![[logo] US EPA](https://webarchive.library.unt.edu/eot2008/20081109195833im_/http://www.epa.gov/epafiles/images/logo_epaseal.gif){kind=logo}
Identification and Characterization of Complex Dynamic Structure in Spark Ignition Engines
EPA Grant Number: U914951Title: Identification and Characterization of Complex Dynamic Structure in Spark Ignition Engines
Investigators: Wagner, Robert M.
Institution: University of Missouri - Rolla
EPA Project Officer: Thompson, Delores
Project Period: January 1, 1996 through January 1, 1999
Project Amount: $102,000
RFA: STAR Graduate Fellowships (1996)
Research Category: Fellowship - Mechanical Engineering , Engineering and Environmental Chemistry , Academic Fellowships
Description:
Objective:The objective of this research project is to identify and characterize complex dynamic structure in spark ignition engines under lean conditions. The results of this investigation are expected to be instrumental in developing new approaches for engine diagnostics and control for improved emissions and fuel efficiency.
Approach:The first and most important step in improving lean engine operation is understanding the development of lean combustion instability in an actual engine. Therefore, an experimental investigation must be conducted to determine the physical mechanisms whichthat are responsible for the development of lean combustion instability, and whether these mechanisms are common to all engine designs. The development of new control algorithms will be greatly simplified if the mechanisms are the same for many different engines. The next step is to determine the effect of key engine parameters on the development of lean combustion instability.
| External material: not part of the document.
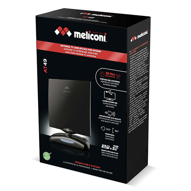 The Meliconi Indoor TV Antenna with 49 dB Amplifier is a compact solution that enhances your television viewing experience. Its capability to receive both analog and digital signals ensures maximum channel accessibility.

An understanding of the effects of these parameters is important for developing control strategies and determining feasible control parameters. The knowledge gained from the experimental investigation will be used to develop or modify an existing low-order model to be used for engine control. A simple, low-order model is necessary for real-time diagnostics and control, where the luxury of high computational overhead is simply not available or cost effective. The experimental and model results from this investigation will be analyzed using tools from nonlinear dynamics and chaos theory.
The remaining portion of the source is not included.